Current AEP models are based on subcutaneous glucose measurement and subcutaneous insulin administration. The insulin infusion algorithms are based on what is called model predictive control, where the pharmacokinetic properties of insulin are modeled in a series of equations that are used to calculate the correct insulin dose at a given time [26, 27]. Several studies have shown the feasibility of such systems in controlling BGL overnight in diabetic subjects. However, it is very challenging to calculate the correct insulin dose when the subject is eating, exercising, or ill, and a fully automatic AEP thus has yet to be constructed [28, 29]. We believe a more empirical system like ours could tackle such obstacles, as it allows for the correct insulin dose to be calculated and timed continuously based on the effect of the previous IB. In this system, it is very unlikely that BGL would drift into hypoglycemic levels or that it would rise into gross hyperglycemia.

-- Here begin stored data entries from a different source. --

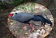 黑鹇是鸡形目雉科目鹇属鸟类,又称鸬雉、黑鸡。体型中等。雄鸟上体黑褐色,背羽具黑紫色金属光泽;头顶具黑羽冠;脸部裸皮呈红色,散生稀疏黑色纤羽;尾长而侧扁,中央两对尾羽红褐色,…全部>>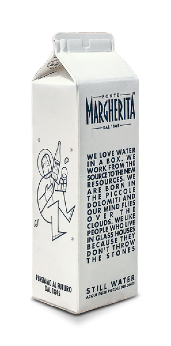 Un’acqua oligominerale pura e leggera che si può trasportare con facilità e che asseconda, soprattutto in estate, il forte desiderio di bere. Piacevole e accattivante anche il suo design, frutto della collaborazione di designer ed illustratori che provengono da mondi diversi e che hanno trasferito nel brick Fonte Margherita 1845 le proprie visioni.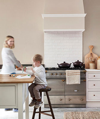 Mushroom (op de muren), Pompeian Ash (op de smetlijst) en Flint (op de keukenkasten) zijn kleuren van het verfmerk Little Greene die gebruikt zijn in de bovenstaande sfeervolle landelijke keuken. Ze komen uit de Intelligent Paints collectie van het Engelse verfmerk. De Little Greene verf is duurzaam, milieuvriendelijk en perfect voor muren, kasten en houtwerk in de ruimtes waar druk verkeer is zoals de keuken. De Intelligent verf is zowel in mat en hoogglans verkrijgbaar bij de verfspeciaalzaak.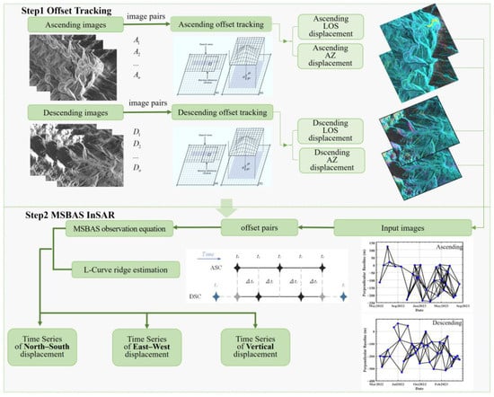 Figure 1 shows the block diagram of calculating the three-dimensional time series of glacier movement with the PO-MSBAS method. The process can be divided into two main steps: Step 1, offset tracking to obtain the LOS and azimuth movements from the ascending and descending SAR images, and Step 2, the MSBAS method for deriving the three-dimensional time series.

The main challenge during the study was that the IvS-1 was not optimally calibrated at all times, which led to small errors in the real-time BGL display. We therefore to some extent had to rely on a combination of the IvS-1 output and the blood samples to estimate the correct real-time BGL in order to use the insulin algorithm properly. The observed periods of BGL below the range’s lower limit were caused by a discrepancy between the observed real-time BGL and the correct BGL calculated after the experiment (the reported BGL). As such, the major limitation of the current technology is a background swelling of the glucose-sensing hydrogel, which resulted in a drift in the IvS-1 output. Our current work is focused on enhancing the hydrogel.

There will always be some doubt as to whether results from animal studies are valid in a human population; on the other hand, the model makes it possible to manipulate BGL and to instrument study subjects without fear of any iatrogenic damage to healthy volunteers or patients. The IvS-1 probes used are all handcrafted and the setup of the animal experiment is complicated, which is why the number of animals used in the study is low. However, all of the animals studied (both the final four as well as animals in our earlier studies) displayed the same behavior. The main point of this paper has been to illustrate the physiological principle of using nature’s own regulatory system in an artificial control system, without fine tuning the details.

5. Conclusions

We conclude that the use of real-time accurate intravasal glucose monitoring in combination with repetitive bolus injections of insulin, administered to mimic the natural pulsatility of endogenous insulin, is a promising method for a future artificial pancreas.

Conflict of Interests

Dan Östling and Dag R. Hjelme are both shareholders in Invivosense Ltd. Norway, the inventor and manufacturer of the IvS-1 intravasal continuous glucose monitor used in this study. The rest of the authors have no financial interests to disclose.


The financial support was provided by institutional sources at the Department of Circulation and Medical Imaging, Norwegian University of Science and Technology, Norway, Grant no. 47058500.